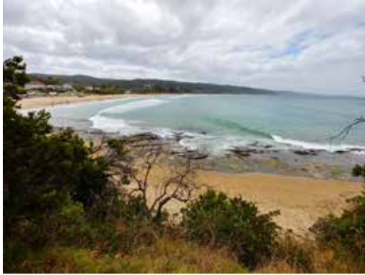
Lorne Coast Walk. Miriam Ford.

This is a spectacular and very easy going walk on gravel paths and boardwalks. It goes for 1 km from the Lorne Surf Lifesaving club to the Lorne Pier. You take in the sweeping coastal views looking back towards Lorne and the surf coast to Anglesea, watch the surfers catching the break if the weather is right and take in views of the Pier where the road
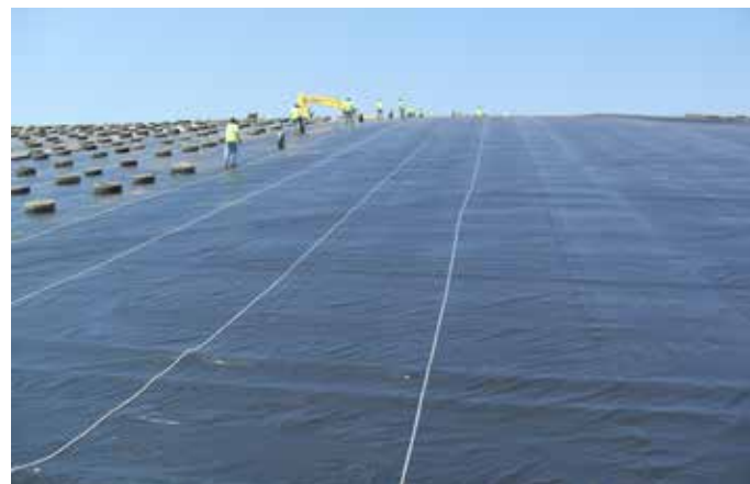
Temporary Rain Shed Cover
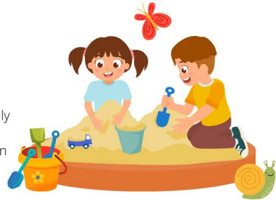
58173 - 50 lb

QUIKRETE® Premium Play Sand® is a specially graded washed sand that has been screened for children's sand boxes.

━━━━

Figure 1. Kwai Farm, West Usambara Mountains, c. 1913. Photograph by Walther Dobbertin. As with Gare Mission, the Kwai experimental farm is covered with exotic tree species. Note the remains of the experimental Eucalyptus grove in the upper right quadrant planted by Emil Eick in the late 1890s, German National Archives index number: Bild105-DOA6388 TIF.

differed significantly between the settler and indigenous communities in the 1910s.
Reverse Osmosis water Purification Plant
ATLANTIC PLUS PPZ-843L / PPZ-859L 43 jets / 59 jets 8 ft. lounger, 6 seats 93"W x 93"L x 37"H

━━━━

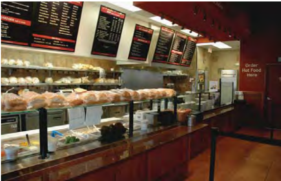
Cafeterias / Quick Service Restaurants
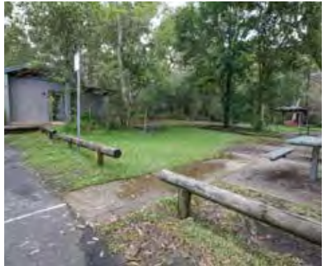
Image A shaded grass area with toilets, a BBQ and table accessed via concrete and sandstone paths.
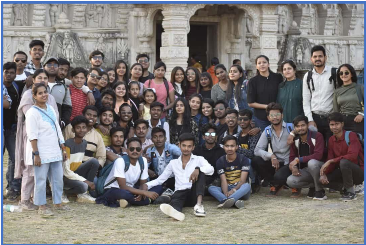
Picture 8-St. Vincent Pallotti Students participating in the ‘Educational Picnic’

━━━━

[TASK] The word to find is "paths". Copy every line of the data that holds it.

[SOLUTION BELOW]
This is a spectacular and very easy going walk on gravel paths and boardwalks. It goes for 1 km from the Lorne Surf Lifesaving club to the Lorne Pier. You take in the sweeping coastal views looking back towards Lorne and the surf coast to Anglesea, watch the surfers catching the break if the weather is right and take in views of the Pier where the road
Image A shaded grass area with toilets, a BBQ and table accessed via concrete and sandstone paths.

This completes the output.